[Stored dataset items]
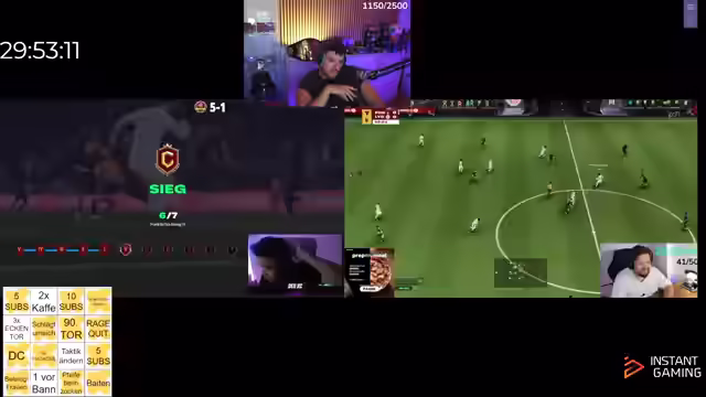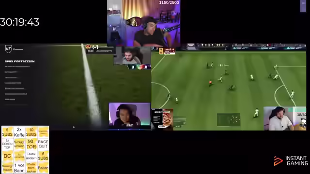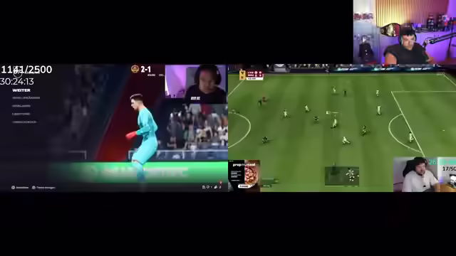 09:25:42Es wird ein schönes Tor im Spiel von Pannewitz hervorgehoben und sein überraschend gutes Spiel kommentiert. Es wird spekuliert, dass er Erfahrung hat, anders als andere Streamer, die das Spiel zum ersten Mal spielen. Es wird betont, wie wichtig Caseys gestriger Sieg war. Die Frage nach dem besten Dribbler auf dem PC wird aufgeworfen und verneint. Es wird erwähnt, dass es keinen Spaß macht, Sid beim Spielen zuzusehen. Es wird ein Multitwitch mit Casey eingerichtet und Werbung für Instant und Wintergaming gemacht. Es wird angekündigt, dass am nächsten Tag alle Games mit Eli gespielt werden. Caseys gestriges Verhalten auf dem PC wird thematisiert und Pannewitz' überraschender Anschluss-Treffer kommentiert. Es wird über das aggressive Verhalten von Casey diskutiert und seine Reaktion auf das Spielgeschehen. Es wird die Frage aufgeworfen, was passiert, wenn Play schlechter ist und Pannewitz auf dem PC 1-1 startet. Es wird überlegt, was die Erklärung dafür ist. Es wird über Caseys Fluchen und Schimpfen diskutiert und die Notwendigkeit von Lemesshaften betont. Es wird überlegt, ob Caseys Kinder und Frau Ohrenstöpsel tragen müssen. Es wird festgestellt, dass Casey fünf Schüsse hat und fünf Tore erzielt. Es wird die Aussage getroffen, dass kein einziges Spiel auf dem PC verloren wird, außer gegen einen Hacker.
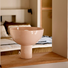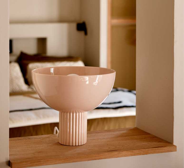 Fabricada en cerámica pulverizada con acabado brillante, esta lámpara circular capta la luz jugando con sus reflejos. Su silueta baja quedará estupenda en una mesa auxiliar, una consola o una mesilla de noche. Su color cálido y esmaltado aporta calidez visual a los espacios de tonos neutros o minerales.
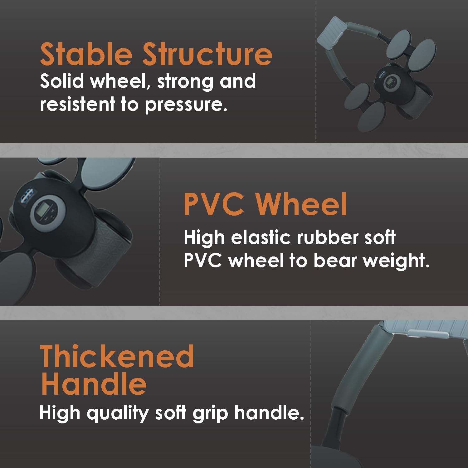 Our roller wheel features ergonomically designed handles with a non-slip surface, ensuring a comfortable grip even during intense workouts. The handles are contoured to fit your hands naturally, reducing strain and providing a firm, secure hold throughout your exercise. This reduces the risk of slipping or losing control during movement, helping you focus more on your workout rather than adjusting your grip. The anti-slip grip also minimizes the strain on your wrists, providing added comfort for longer sessions. Whether you're working out on hardwood floors, gym mats, or carpets, the secure grip ensures you maintain control of your ab roller. This attention to design allows you to focus on proper form and movement, which is essential for safe and effective core training.
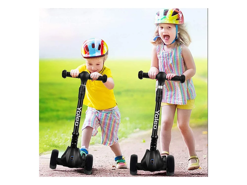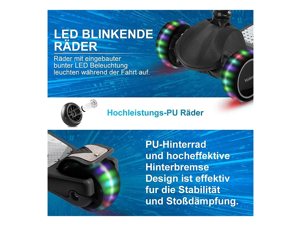 Trottinette Enfant YOLEO avec Roues LED, 4 Positions Réglables en Hauteur, Guidon Pliable, à partir de 3 Ans
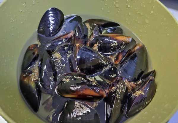 1.淡菜買回來洗幹凈,洗好的淡菜放在盆中,用剪刀將淡菜表面的須須去掉。新鮮的淡菜會有一些根須,可以處理好,焯水的時候也方便很多;
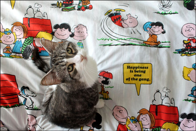 They were very sweet, purred loudly, and even let me pick them up, never showing a claw. Their lightness of weight and tiny chests made me realize that, while our Eddie is a normal sized adult cat, he is a big boy!
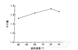 圖5 染色溫度與織物得色量K/S值的關(guān)系
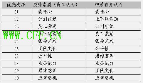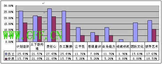 3.中层管理人员急需提升的方面 根据调查数据显示,样本员工认为,在以后的工作中,中层管理人员需在以下几个方面提升个人素质,依次为:责任心、计划组织、员工激励、上下级沟通、领导艺术、团队文化、公平性、业务能力、思维意识、成就动机。 而据中层管理人员的调查显示,则依次为:责任心、上下级沟通、计划组织、员工激励、领导艺术、公平性、思维意识、业务能力,团队文化、成就动机。
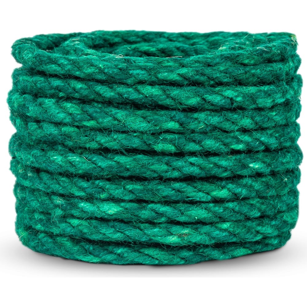 Джутовый канат ЩИТ ДТ тросовой свивки, диаметр 8 мм, зеленый, в отрезках по 15 м ЦН 13748-1 предназначен для хозяйственных нужд, для обвязывания, подъема и транспортировки грузов. Отличается износостойкостью и высокой прочностью волокна.

The task -
In your copy, omit the pictures and restate every line of the data word for word.

Final answer -
 09:25:42Es wird ein schönes Tor im Spiel von Pannewitz hervorgehoben und sein überraschend gutes Spiel kommentiert. Es wird spekuliert, dass er Erfahrung hat, anders als andere Streamer, die das Spiel zum ersten Mal spielen. Es wird betont, wie wichtig Caseys gestriger Sieg war. Die Frage nach dem besten Dribbler auf dem PC wird aufgeworfen und verneint. Es wird erwähnt, dass es keinen Spaß macht, Sid beim Spielen zuzusehen. Es wird ein Multitwitch mit Casey eingerichtet und Werbung für Instant und Wintergaming gemacht. Es wird angekündigt, dass am nächsten Tag alle Games mit Eli gespielt werden. Caseys gestriges Verhalten auf dem PC wird thematisiert und Pannewitz' überraschender Anschluss-Treffer kommentiert. Es wird über das aggressive Verhalten von Casey diskutiert und seine Reaktion auf das Spielgeschehen. Es wird die Frage aufgeworfen, was passiert, wenn Play schlechter ist und Pannewitz auf dem PC 1-1 startet. Es wird überlegt, was die Erklärung dafür ist. Es wird über Caseys Fluchen und Schimpfen diskutiert und die Notwendigkeit von Lemesshaften betont. Es wird überlegt, ob Caseys Kinder und Frau Ohrenstöpsel tragen müssen. Es wird festgestellt, dass Casey fünf Schüsse hat und fünf Tore erzielt. Es wird die Aussage getroffen, dass kein einziges Spiel auf dem PC verloren wird, außer gegen einen Hacker.
 Fabricada en cerámica pulverizada con acabado brillante, esta lámpara circular capta la luz jugando con sus reflejos. Su silueta baja quedará estupenda en una mesa auxiliar, una consola o una mesilla de noche. Su color cálido y esmaltado aporta calidez visual a los espacios de tonos neutros o minerales.
 Our roller wheel features ergonomically designed handles with a non-slip surface, ensuring a comfortable grip even during intense workouts. The handles are contoured to fit your hands naturally, reducing strain and providing a firm, secure hold throughout your exercise. This reduces the risk of slipping or losing control during movement, helping you focus more on your workout rather than adjusting your grip. The anti-slip grip also minimizes the strain on your wrists, providing added comfort for longer sessions. Whether you're working out on hardwood floors, gym mats, or carpets, the secure grip ensures you maintain control of your ab roller. This attention to design allows you to focus on proper form and movement, which is essential for safe and effective core training.
 Trottinette Enfant YOLEO avec Roues LED, 4 Positions Réglables en Hauteur, Guidon Pliable, à partir de 3 Ans
 1.淡菜買回來洗幹凈,洗好的淡菜放在盆中,用剪刀將淡菜表面的須須去掉。新鮮的淡菜會有一些根須,可以處理好,焯水的時候也方便很多;
 They were very sweet, purred loudly, and even let me pick them up, never showing a claw. Their lightness of weight and tiny chests made me realize that, while our Eddie is a normal sized adult cat, he is a big boy!
 圖5 染色溫度與織物得色量K/S值的關(guān)系
 3.中层管理人员急需提升的方面 根据调查数据显示,样本员工认为,在以后的工作中,中层管理人员需在以下几个方面提升个人素质,依次为:责任心、计划组织、员工激励、上下级沟通、领导艺术、团队文化、公平性、业务能力、思维意识、成就动机。 而据中层管理人员的调查显示,则依次为:责任心、上下级沟通、计划组织、员工激励、领导艺术、公平性、思维意识、业务能力,团队文化、成就动机。
 Джутовый канат ЩИТ ДТ тросовой свивки, диаметр 8 мм, зеленый, в отрезках по 15 м ЦН 13748-1 предназначен для хозяйственных нужд, для обвязывания, подъема и транспортировки грузов. Отличается износостойкостью и высокой прочностью волокна.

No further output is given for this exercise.